How does Python's cmp_to_key function work?
I came across this function here.
I am baffled as to how this would be implemented -- how does the key
function generated by cmp_to_key
know what "position" a given element should be without checking how the given element compares with every other element of interest?
Solution 1:
The cmp_to_key
method returns a special object that acts as a surrogate key:
class K(object):
__slots__ = ['obj']
def __init__(self, obj, *args):
self.obj = obj
def __lt__(self, other):
return mycmp(self.obj, other.obj) < 0
def __gt__(self, other):
return mycmp(self.obj, other.obj) > 0
def __eq__(self, other):
return mycmp(self.obj, other.obj) == 0
def __le__(self, other):
return mycmp(self.obj, other.obj) <= 0
def __ge__(self, other):
return mycmp(self.obj, other.obj) >= 0
def __ne__(self, other):
return mycmp(self.obj, other.obj) != 0
def __hash__(self):
raise TypeError('hash not implemented')
When sorting, each key will get compared to most other keys in the sequence. Is this element at position 0 lower than or greater than that other object?

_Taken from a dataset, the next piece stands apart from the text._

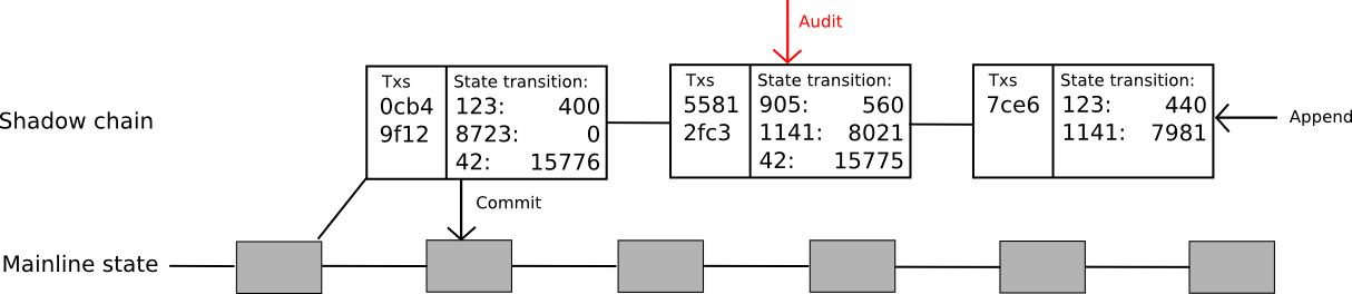 To solve that problem, the protocol can be extended even further. Now, the idea is to create an entire “shadow chain”, with computations happening off-chain but state transitions being committed back to the main chain after 100 blocks. Oracles can add new blocks to the “tail” of the chain, where a block consists of a list of transactions and a [[k1, v1], [k2, v2] … ] list of state transitions caused by those transactions. If a block is unchallenged for 100 blocks, the state transitions are applied automatically to the main chain. If the block is successfully challenged before it is committed then that block and all children are reverted, and the block and all children lose their deposits with part going to the auditor and part to the void (note that this creates extra incentive to audit, since now the author of the child of a shadow block would prefer to audit that shadow block lest they be caught up in the author’s potential malfeasance). The code for this is much more complicated than the other examples; a complete but untested version can be found here.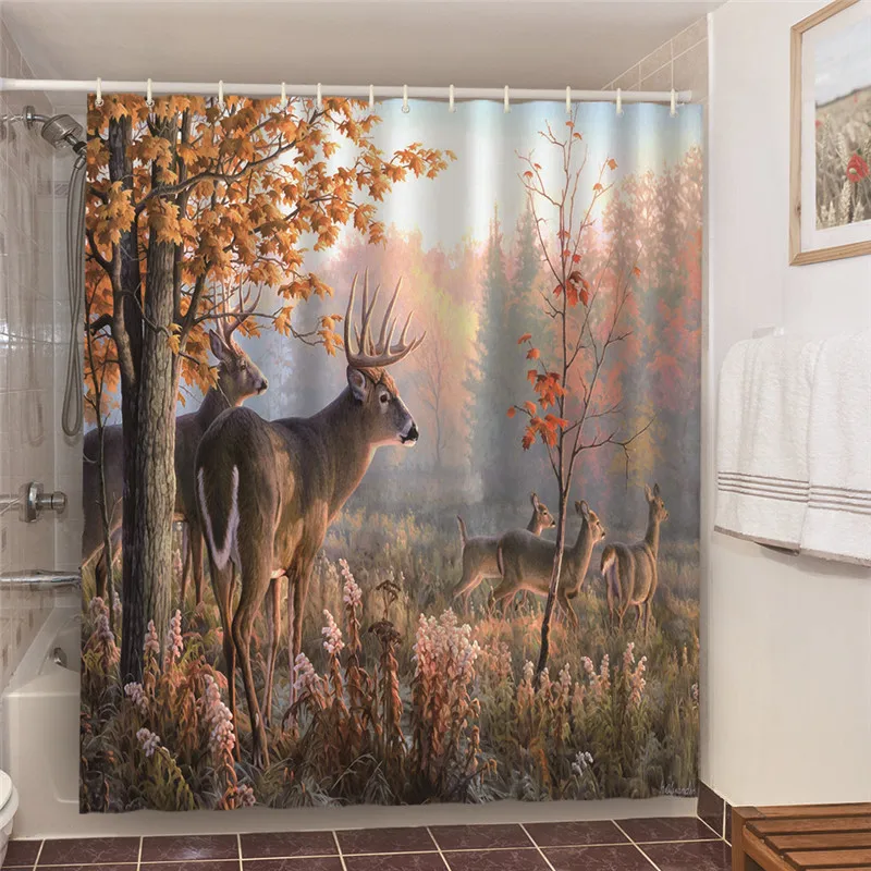 Красивая бамбуковая занавеска для душа с природным ландшафтом леса,...

Whenever that happens, the special method hooks are invoked, so __lt__
or __gt__
is called, which the surrogate key turns into a call to the cmp
method instead.
So the list [1, 2, 3]
is sorted as [K(1), K(2), K(3)]
, and if, say, K(1)
is compared with K(2)
to see if K(1)
is lower, then K(1).__lt__(K(2))
is called, which is translated to mycmp(1, 2) < 0
.
This is how the old cmp
method was working anyway; return -1, 0 or 1 depending on wether the first argument is lower than, equal to or greater than the second argument. The surrogate key translates those numbers back to boolean values for the comparison operators.
At no point does the surrogate key need to know anything about absolute positions. It only needs to know about one other object it is being compared with, and the special method hooks provide that other object.